Terceiro, a agência precisa alcançar diretamente as organizações de saúde e médicas, como a Kaiser Permanente e a Clínica Mayo, para instá-las a parar de recomendar os tratamentos e garantir que as informações que elas fornecem estejam realmente atualizadas. Esse alcance deve incluir o Instituto Nacional de Saúde e Excelência de Cuidados do Reino Unido.

Há décadas, a comunidade de pacientes ME/CFS tem esperado que o CDC acertasse isso. A agência finalmente deu um passo na direção certa. Agora ela precisa redobrar seus esforços para encontrar respostas legítimas às muitas perguntas pendentes sobre a doença e investigar tratamentos que possam realmente funcionar.

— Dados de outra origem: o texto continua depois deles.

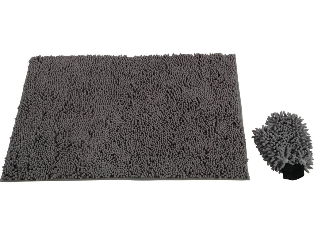 Praktická sada podložky a rukavice z rychleschnoucího mikrovlákna pro rychlé a efektivní osušení psa po koupeli, plavání nebo návratu z deštivé procházky. Rozměr 90 × 60 cm je vhodný především pro menší a střední psy.

Julie Rehmeyer é uma editora contribuinte da revista Discover e autora de “Through the Shadowlands”: A Science Writer’s Odyssey into an Illness Science Doesn’t Understand”, um livro de memórias que descreve a ciência, história e política da síndrome da fadiga crónica. David Tuller é pesquisador sênior em saúde pública e jornalismo no Centro de Saúde Pública Global da Universidade da Califórnia, em Berkeley. Membros da comunidade de pacientes ME/CFS doaram generosamente para uma campanha de financiamento da multidão em apoio à posição de Tuller em Berkeley.